Recorded information section start

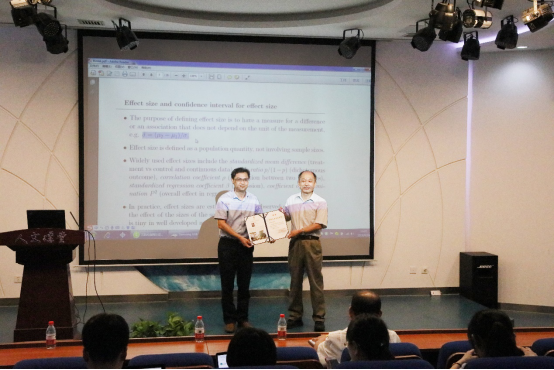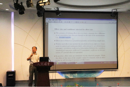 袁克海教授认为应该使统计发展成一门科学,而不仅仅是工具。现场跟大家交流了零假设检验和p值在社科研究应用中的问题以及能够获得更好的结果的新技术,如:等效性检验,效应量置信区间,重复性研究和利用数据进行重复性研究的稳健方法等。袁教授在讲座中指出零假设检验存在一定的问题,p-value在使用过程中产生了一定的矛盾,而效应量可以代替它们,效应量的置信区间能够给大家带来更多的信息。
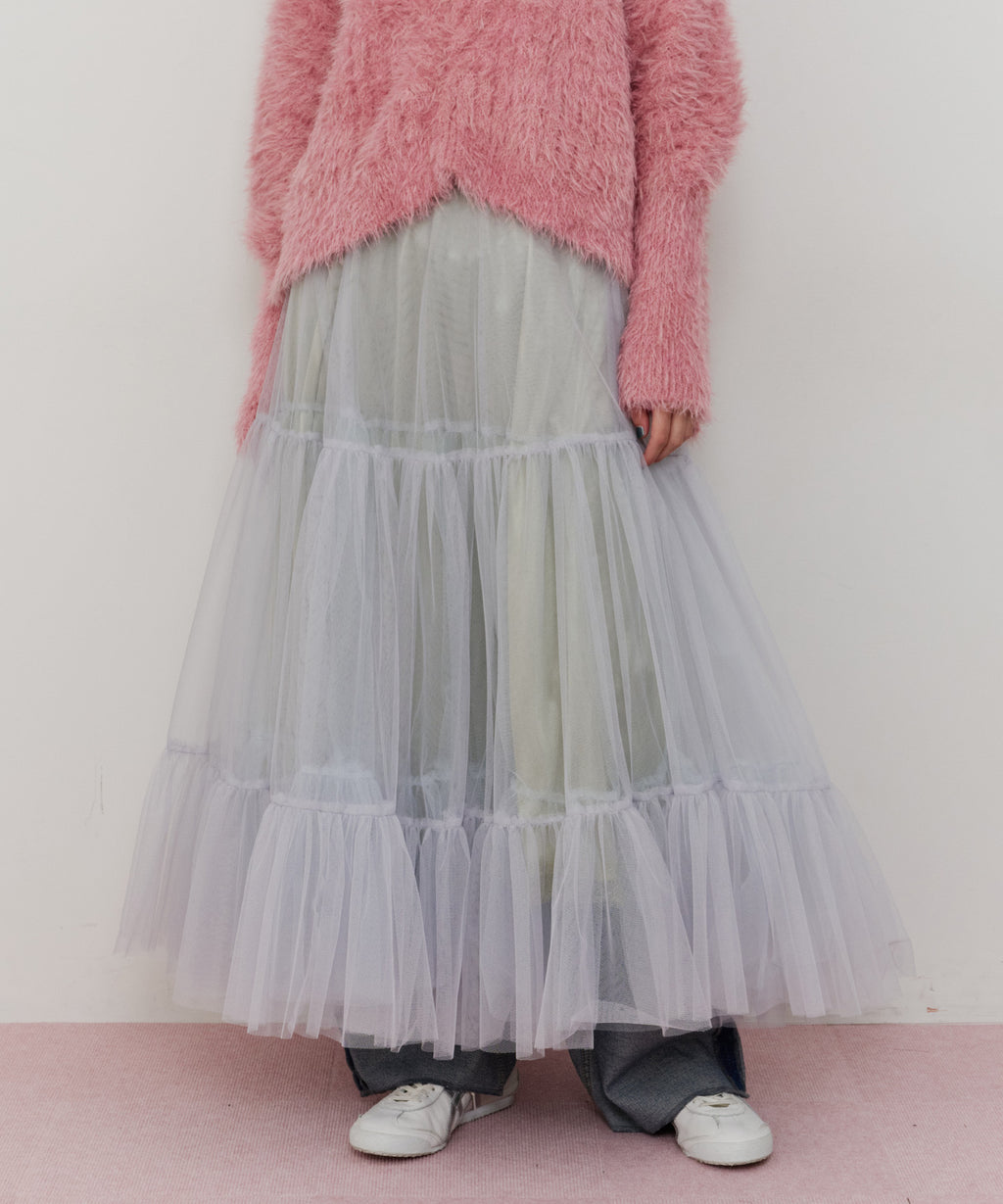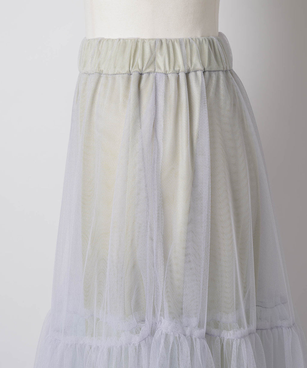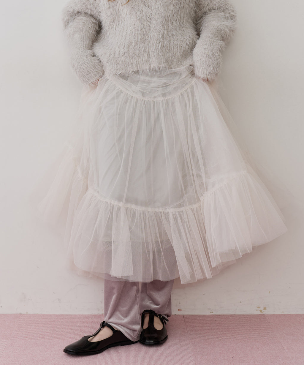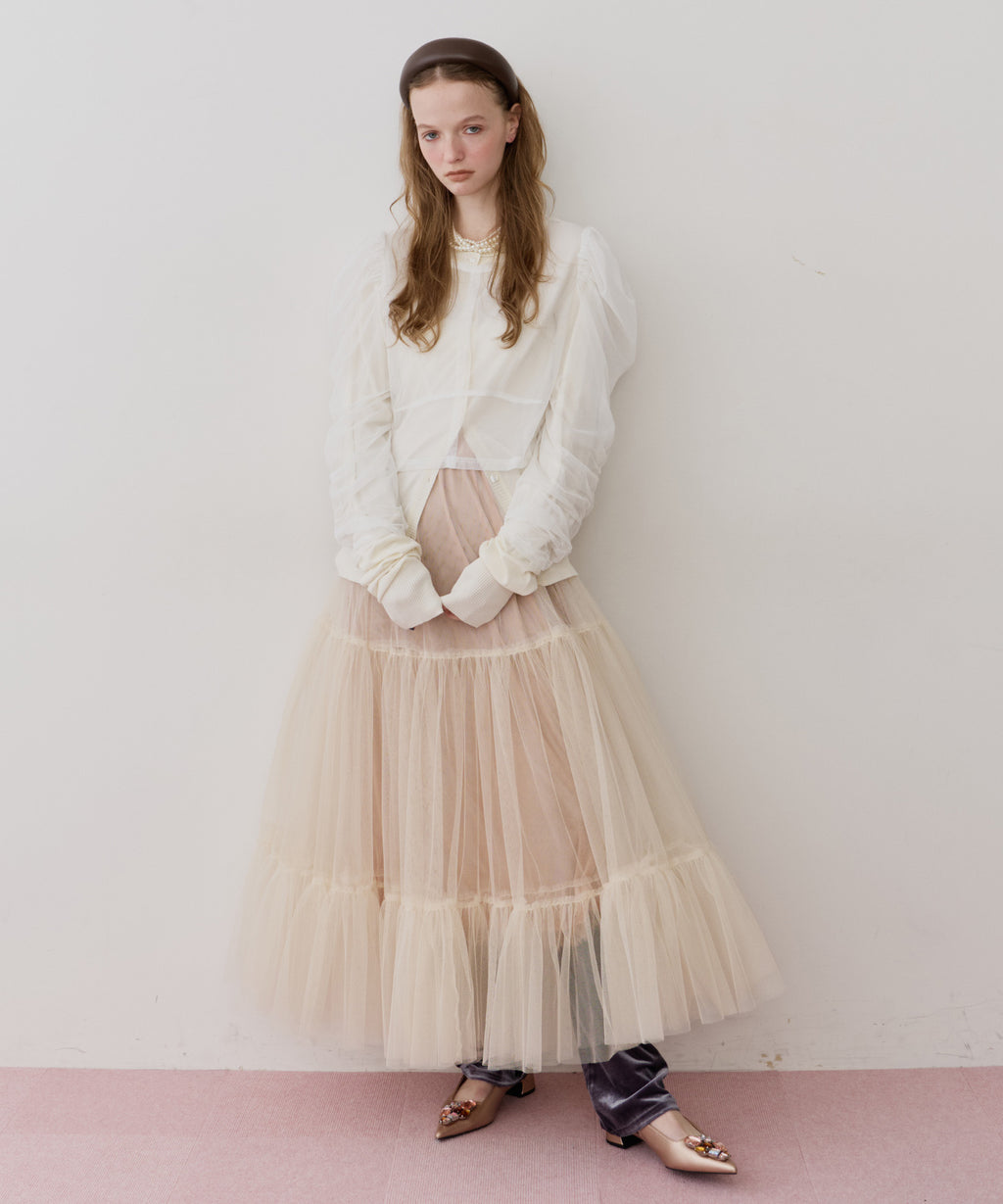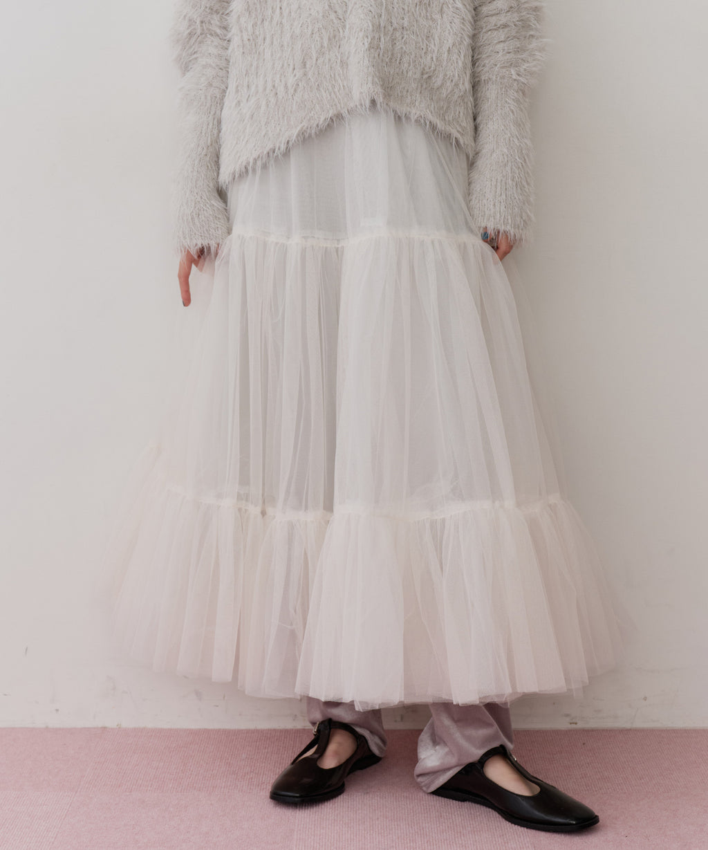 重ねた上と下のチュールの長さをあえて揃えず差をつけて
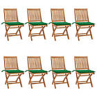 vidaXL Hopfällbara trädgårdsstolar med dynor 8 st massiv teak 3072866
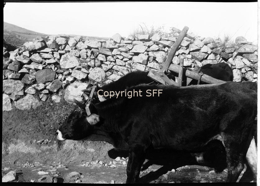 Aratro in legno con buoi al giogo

Recorded information section end

» Problem details
Apart from the pictures, every line of the data above should be given again exactly.

» Task result
 袁克海教授认为应该使统计发展成一门科学,而不仅仅是工具。现场跟大家交流了零假设检验和p值在社科研究应用中的问题以及能够获得更好的结果的新技术,如:等效性检验,效应量置信区间,重复性研究和利用数据进行重复性研究的稳健方法等。袁教授在讲座中指出零假设检验存在一定的问题,p-value在使用过程中产生了一定的矛盾,而效应量可以代替它们,效应量的置信区间能够给大家带来更多的信息。
 重ねた上と下のチュールの長さをあえて揃えず差をつけて
 vidaXL Hopfällbara trädgårdsstolar med dynor 8 st massiv teak 3072866
 Aratro in legno con buoi al giogo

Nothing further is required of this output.